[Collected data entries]
*** Block opens ***

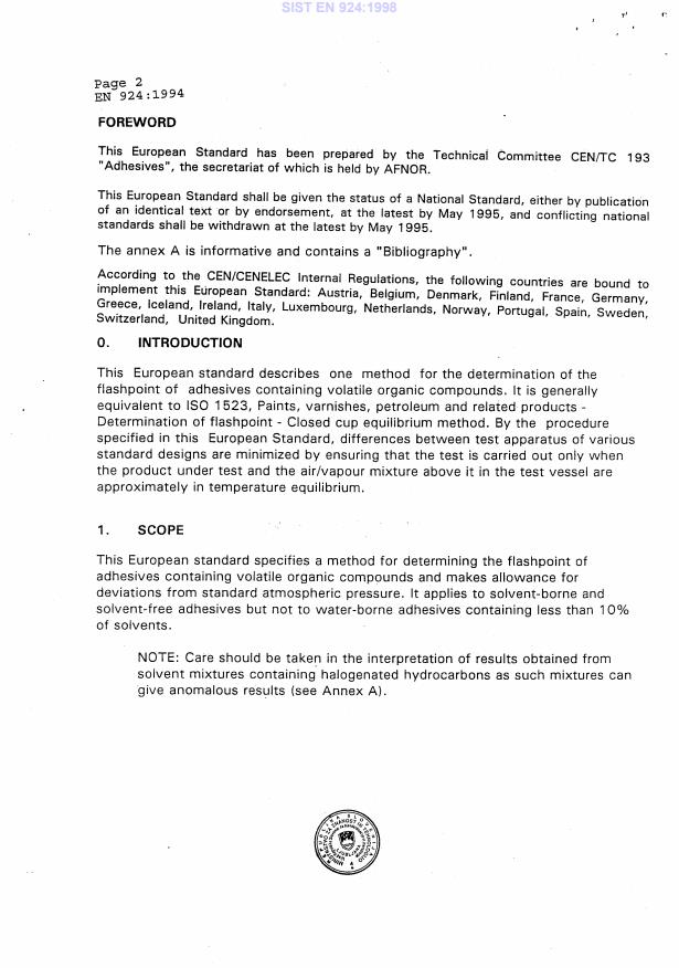 EN 924:1994 is a standard published by the European Committee for Standardization (CEN). Its full title is "Adhesives - Solvent-borne and solvent-free adhesives - Determination of flashpoint". This standard covers: This European standard specifies a method for determining the flashpoint of adhesives containing volatile organic compounds and makes allowance for deviations from standard atmospheric pressure. It applies to solvent-borne and solvent-free adhesives but not to water-borne adhesives containing less than 10%of solvents.
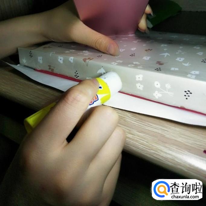 用胶棒涂抹一条宽,将另一边黏上去,如下图所示
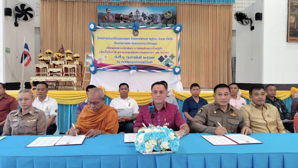 วันนี้ 6 กุมภาพันธ์ 2567 เวลา 10.30 น. พ.ต.ท.ปภาวิน เพ็ชร์นอก สวญ.สภ.สะเดา ภ.จว.สุรินทร์ ร่วมลงนามบันทึกข้อตกลงความร่วมมือ (MOU) ขับเคลื่อนการดำเนินงานโครงการรณรงค์ป้องกันและแก้ไขปัญหายาเสพติด TO BE NUMBER ONE ของอำเภอบัวเชด ณ หอประชุมโรงเรียนบัวเชดวิทยา อ.บัวเชด จว.สุรินทร์ โดย นายสมชาย วงศ์จริยะเกษม นายอำเภอบัวเชด เป็นประธานในพิธี ผู้ร่วมลงนามบันทึกข้อตกลงความร่วมมือ ประกอบด้วย ผู้แทนคณะสงฆ์อำเภอบัวเชด, หัวหน้าส่วนราชการ,ฝ่ายปกครองอำเภอบัวเชด, องค์กรปกครองส่วนท้องถิ่น, กำนัน ผู้ใหญ่บ้าน ผู้นำชุมชนทุกหมู่บ้านร่วมกิจกรรม
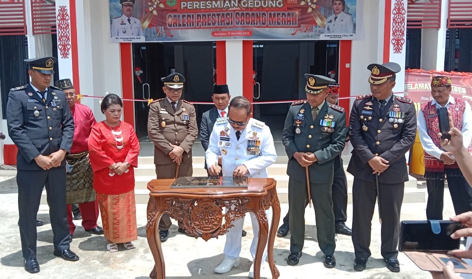 SANGGAU- Sekawanbaru.com – Bupati Sanggau, Yohanes Ontot meresmikan Gedung Galeri Prestasi Sabang Merah yang berlokasi di kawasan Taman Arongk Balopa, Kota Sanggau, Minggu, 17 Agustus 2025.
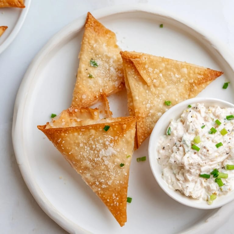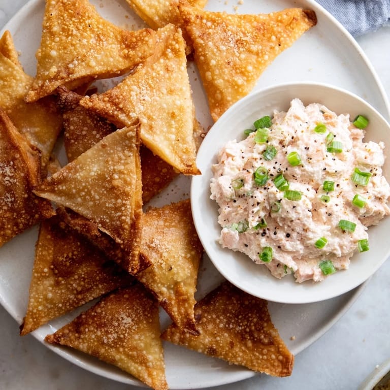 Als ich das erste Mal Freunde damit überrascht habe, dachten alle, ich hätte stundenlang in der Küche gestanden. Niemand ahnte, dass die Chips einfach nur geschnittene Teigblätter waren und der Dip in fünf Minuten zusammengerührt war. Seitdem ist dieses Rezept mein Geheimtipp für Abende, an denen ich entspannt bleiben, aber trotzdem etwas Besonderes servieren möchte. Die Kombi aus knusprig und cremig macht süchtig – ich habe schon erlebt, dass die Schüssel schneller leer war als geplant.
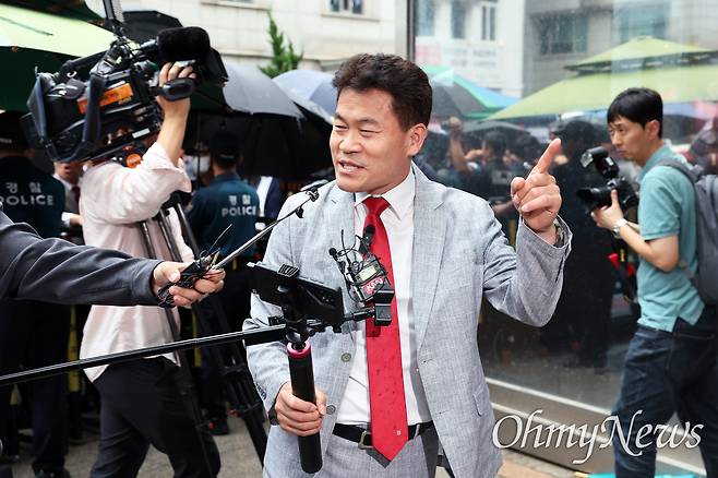 | ▲ 카메라 켜고 당사 도착한 전한길 국민의힘 전당대회 방해 논란 당사자인 전한길씨가 14일 당 윤리위원회에 직접 소명하기 위해 서울 여의도 국민의힘 중앙당사에 도착하고 있다. |
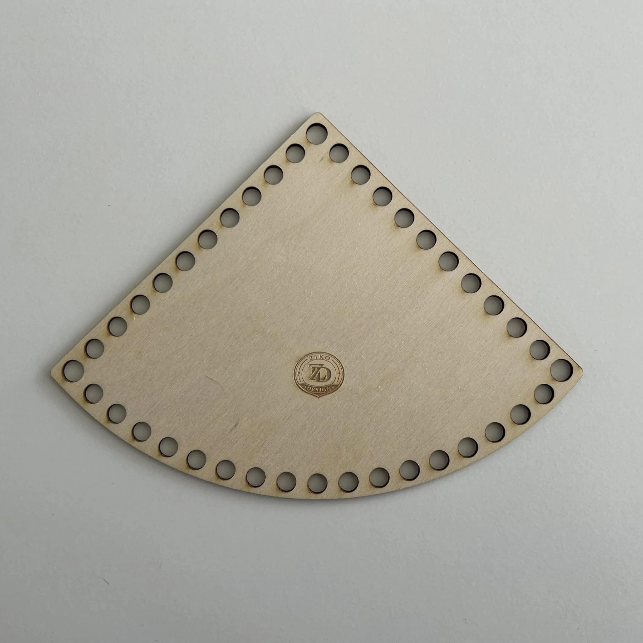 A natúr horgolható fa alap negyed kör formában tökéletes választás különleges és egyedi horgolós projektekhez.
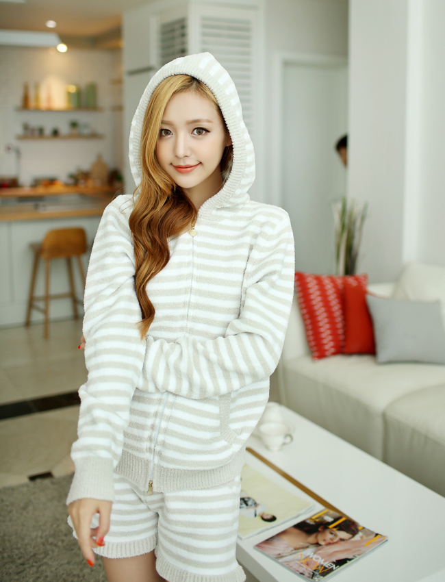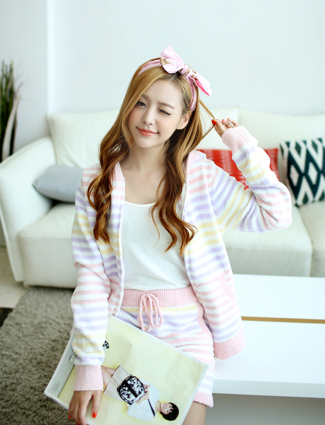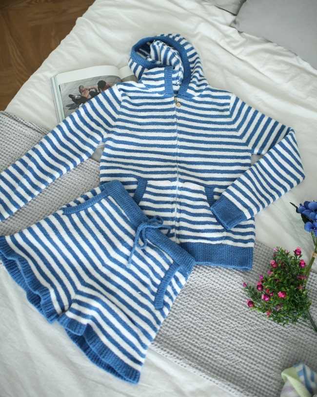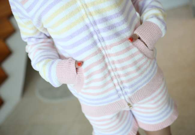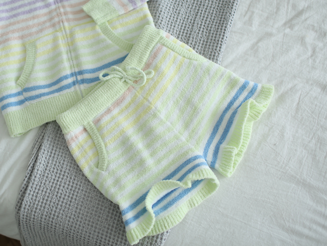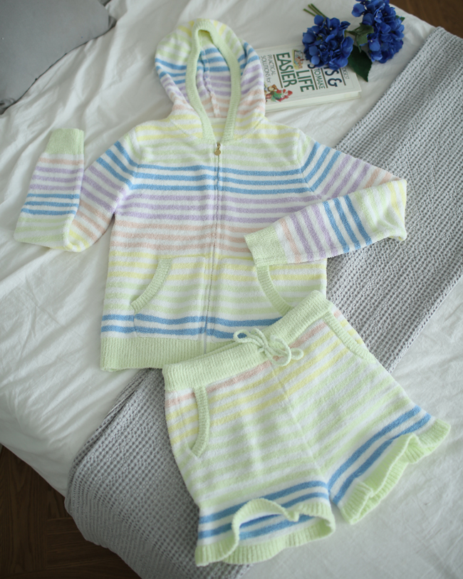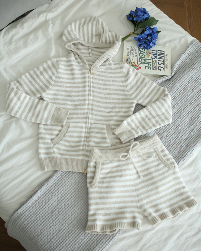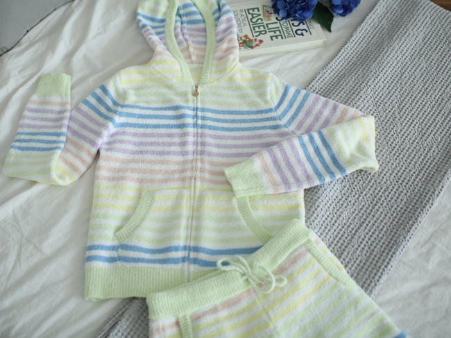 優しい色味のボーダー柄上下セット☆もこもこ、

*** Block closes ***

* _Directions_
Begin at the line containing "중앙당사에 도착하고 있다. |" and stop at the last line of the data. Repeat only those lines, exactly, and leave out the pictures.

* _Exercise response_
 | ▲ 카메라 켜고 당사 도착한 전한길 국민의힘 전당대회 방해 논란 당사자인 전한길씨가 14일 당 윤리위원회에 직접 소명하기 위해 서울 여의도 국민의힘 중앙당사에 도착하고 있다. |
 A natúr horgolható fa alap negyed kör formában tökéletes választás különleges és egyedi horgolós projektekhez.
 優しい色味のボーダー柄上下セット☆もこもこ、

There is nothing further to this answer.